Even without infiltration by anesthetic, the needling instantaneously abolishes the pain, tenderness, and fibrotic type of resistance. Such effect of dry needling can be best explained by breaking up a fibrotic pocket that has entrapped the nerve endings along with sensitizing substances. This allows the entering blood flow to wash away the sensitizing substances. This concept may explain the effect of TIs but has not been substantiated by histologic studies. Needling also may interrupt neuromuscular mechanisms involved in TrP activity.

Figure 13-2 and Table 13-1 illustrate physical findings over TrPs and taut bands before, during, and after injection combined with needling. TrPs and TSs are the immediate cause of pain in a variety of conditions. These include sports or work-related injuries, sprains, strains, or muscle tension related to nonphysiologic posture or stress. Headaches also are frequently caused by TrPs. Certain hormonal disorders such as thyroid or estrogen deficiencies are frequent causes and perpetuators of widespread TrPs.

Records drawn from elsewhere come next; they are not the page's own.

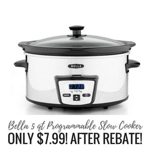 Macy’s has this Bella 5 Qt. Programmable Polished Stainless Steel Slow Cooker on sale for $19.99 – Black Friday Special price! You’ll pay $19.99 out of pocket but then you can redeem this $12 Mail in Rebate making it only $7.99!
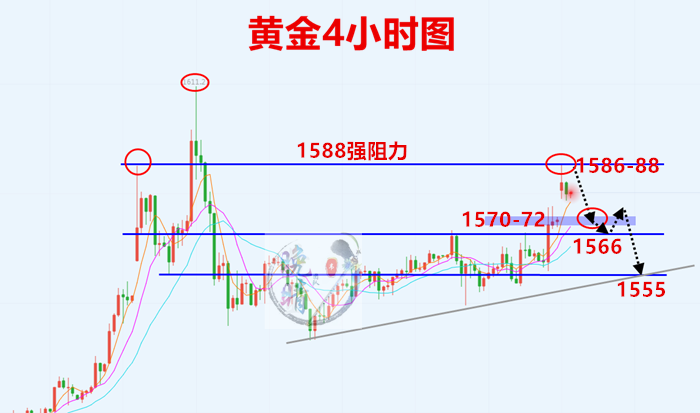 操作建议:反弹1584-86做空,止损4美金,目标看1572-1570;
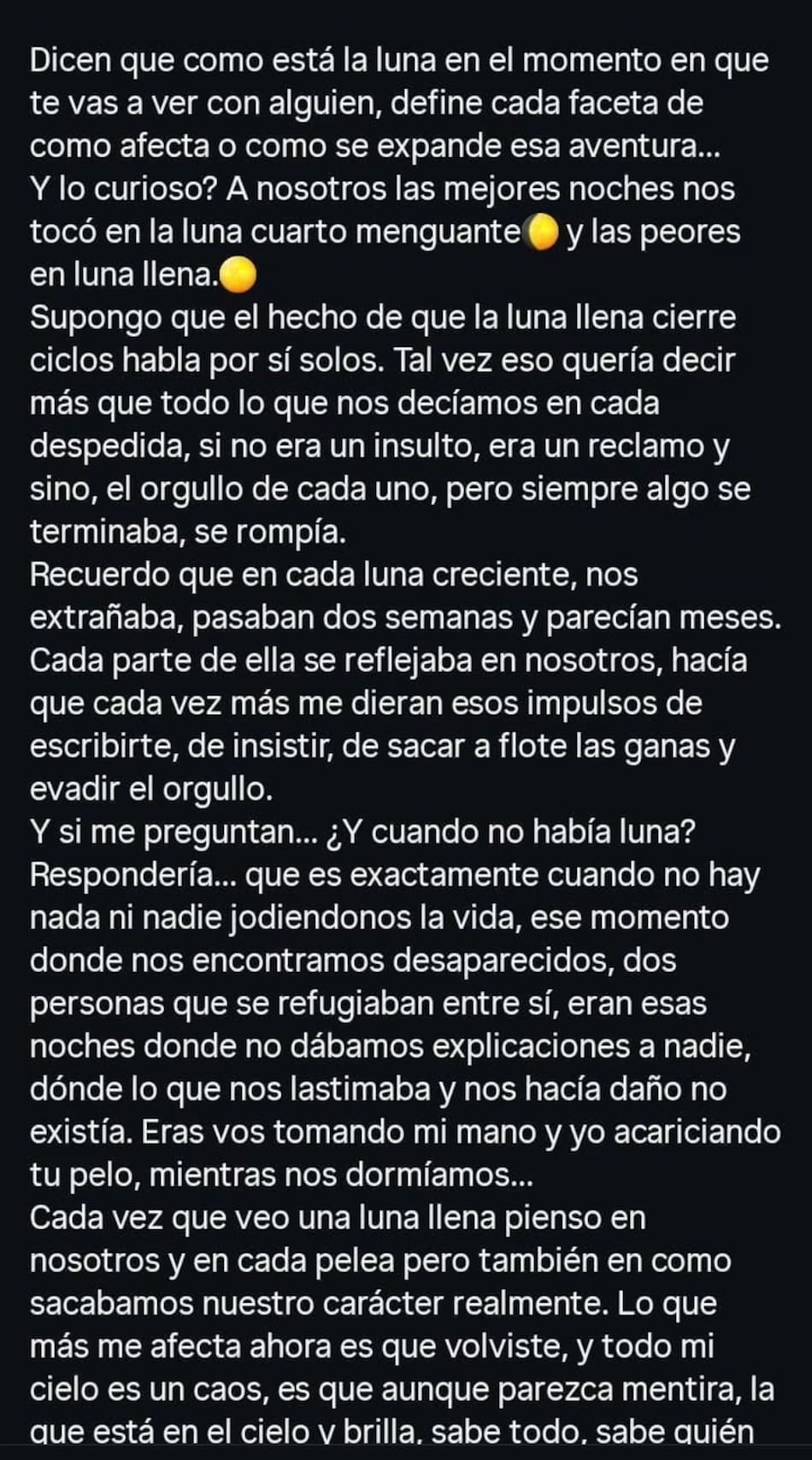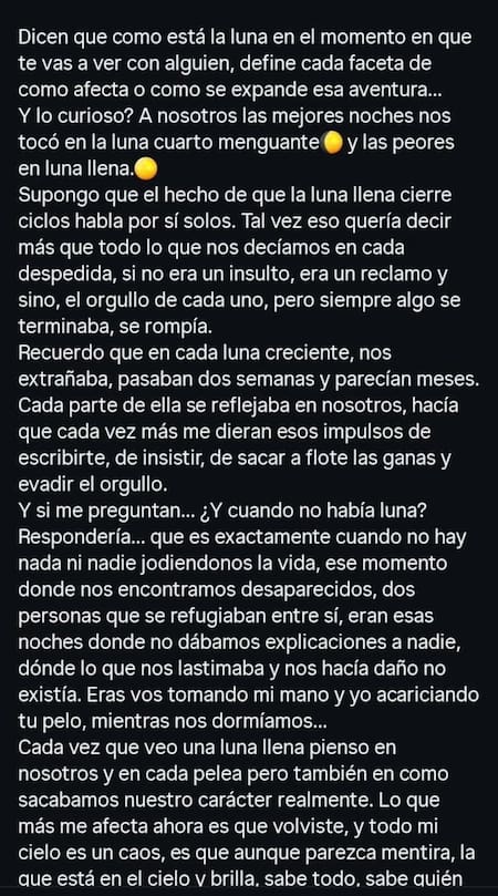 En otro de sus posteos, expresó: “Siempre me dijiste que éramos muy diferentes, y cuánta razón tenías (...). Jamás hubiera querido lastimarte, ni siquiera dejar que me rogaras”.

Table 13-1 Physical Findings Before, During, and After Trigger Point Injections

Before Injection During Injection After Injection
Normal Muscle Tissue
Elastic soft resistance; nontender Minimal resistance to needle progression; no pain Normal tissue findings
Taut Band
Hard and tender. Local twitch response can be elicited on snapping. Penetration of the needle causes pain and encounters hard resistance as in fibrotic tissue (particularly in chronic TrP). Local twitch response occurs when the needle enters the hyperirritable fibers. The hard and tender areas on palpation become nontender. Pressure pain sensitivity becomes normal immediately. Soreness from injection resolves in 3-5 days. Local twitch response can no longer be elicited. Hyperirritability resolves.
Trigger Point
Maximum tender point within the taut band. Maximum pain on needle penetration with hard resistance as in the taut band. Trigger point sensitivity to pressure disappears. Hard consistency becomes normal, similar to improvement in taut bands.

TrP, Trigger point.

Trigger Point Injections

Needling represents the most effective treatment of trigger points and TSs.9a9f Injecting a local anesthetic (usually lidocaine) is combined with a special needling technique to break up the abnormal tissue that causes the pain. The critical factor in TIs is not the injected substance but rather the mechanical disruption of the abnormal tissue and interruption of the TrP mechanism if one has developed.2,10,11 Intensive stimulation also may contribute to the prolonged relief of pain by TrP injections.12 The fact that the symptoms originated in the treated TrP is confirmed by observing whether the pain is reproduced by pressure on the trigger area and relieved after the TrP injection.13 The injections are followed by a specific program of stretching and exercises. After fibrotic tissue (scar) has formed in the damaged tissue, the most effective way to break it up is through needling: the repetitive insertion and withdrawal of the injection needle in the affected area.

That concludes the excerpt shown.